TAp73α enhances the cellular sensitivity to cisplatin in ovarian cancer cells via the JNK signaling pathway

Abstract

Ovarian cancer is the most lethal gynecological malignancy. Most of ovarian

cancer patients relapse and subsequently die due to the development of resistance

to chemotherapy. P73 belongs to the tumor suppressor p53 family. Like p53, the

transcriptionally active TAp73 can bind specifically to p53 responsive elements

and transactivates some of the p53 target genes, and finally leads to cell cycle

arrest and apoptosis. TAp73 can be induced by DNA damage to enhance cellular

sensitivity to anticancer agents in human cancer cells. However, the functions of

TAp73 in ovarian cancer cells and the role in the regulation of cellular response to

commonly used chemotherapeutic agents cisplatin are still poorly understood. The

aims of this study were to examine the functions of TAp73 in ovarian cancer cells

and its role in cellular response to cisplatin, as well as the relationship between

TAp73 and p53 in ovarian cancer cells.

Functional studies showed that over-expression of TAp73alpha (TAp73α)

inhibited cell proliferation, colony formation ability and anchorage-independent

growth of ovarian cancer cells, and this was irrespective of p53 expression status.

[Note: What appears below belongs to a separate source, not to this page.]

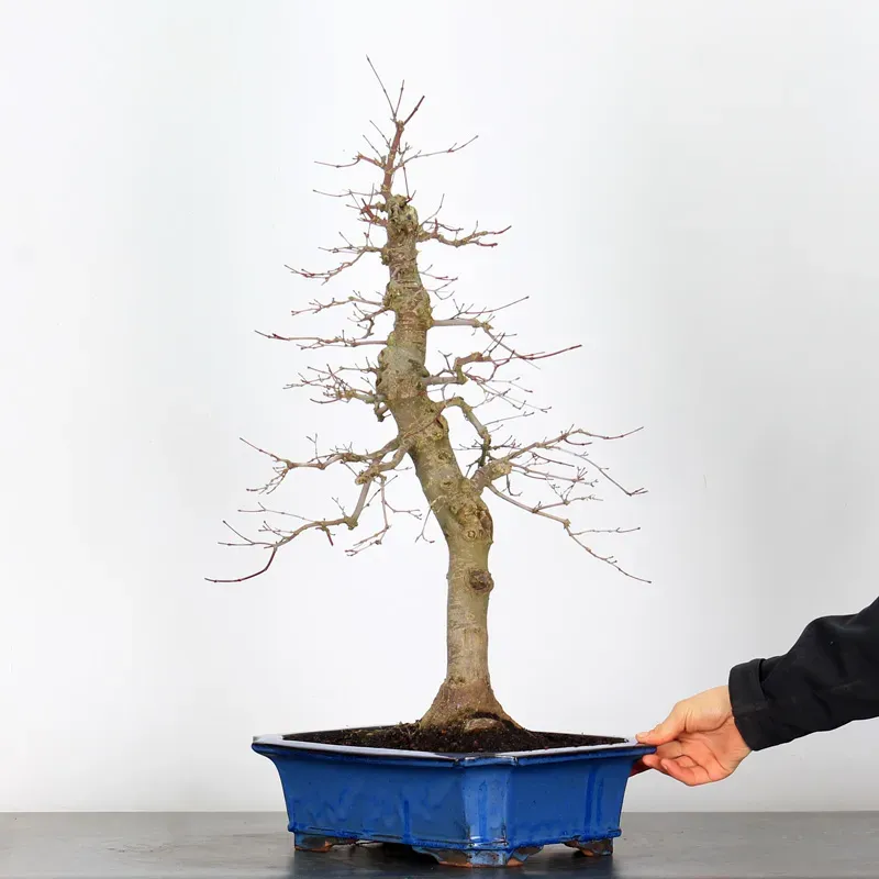 The Japanese red maple "Deshojo" bonsai captivates with its spectacular evolution throughout the seasons. Its foliage begins a deep red in spring, gradually turning green in summer, and then displays superb shades of orange-red in autumn, offering a magnificent spectacle to behold all year round.

In addition, TAp73α inhibited cell growth by arresting cell cycle at G2/M phase

and up-regulating the expressions of G2/M regulators of p21, 14-3-3sigma and

GADD45α.

TAp73α enhanced the cellular sensitivity to cisplatin through the activation of

JNK signaling pathway, at least partially, in ovarian cancer cells. TAp73α

activated the JNK pathway through the up-regulation of its target gene GADD45α

and subsequent activation of MKK4, the JNK up-stream kinase. Inhibition of JNK

activity by a specific inhibitor (SP600125) or small interfering RNAs (siRNAs)

significantly abrogated TAp73-mediated apoptosis induced by cisplatin. Moreover,

the activations of MKK4, JNK and c-Jun were abolished when GADD45α was

knocked down by siRNAs, and the JNK-dependent apoptosis was not observed.

Collectively, these results supported that TAp73α was able to mediate apoptotic

response to cisplatin through the GADD45α/MKK4/JNK signaling pathway,

which was respective of p53 expression status.

Further investigation on the relationship between TAp73α and p53

demonstrated that TAp73α increased p53 protein, but not mRNA expression by

attenuating p53 protein degradation in wild-type p53 ovarian cancer cells.

TAp73α could directly interact with p53 protein, which might interfere with the

binding ability of MDM2 to p53, and consequently block the p53 protein

degradation. In addition, TAp73α inactivated the Akt and ERK pathways and

activated the p38 pathway in response to cisplatin in wild-type p53 OVCA433,

but not in null-p53 SKOV3 cells, suggesting that the effect of TAp73α on these

pathways might be p53-dependent. These results indicated that a functional

cooperation of TAp73α and p53, to some extent, existed in ovarian cancer cells.

In conclusion, this study demonstrated that TAp73α acted as a tumor

suppressor in ovarian carcinogenesis. It promoted the cellular sensitivity to

cisplatin via, at least partially, the activation of JNK signaling pathway. These

TAp73α functions were irrespective of p53 expression. In addition, TAp73α was

able to bind to p53 and increase p53 expression.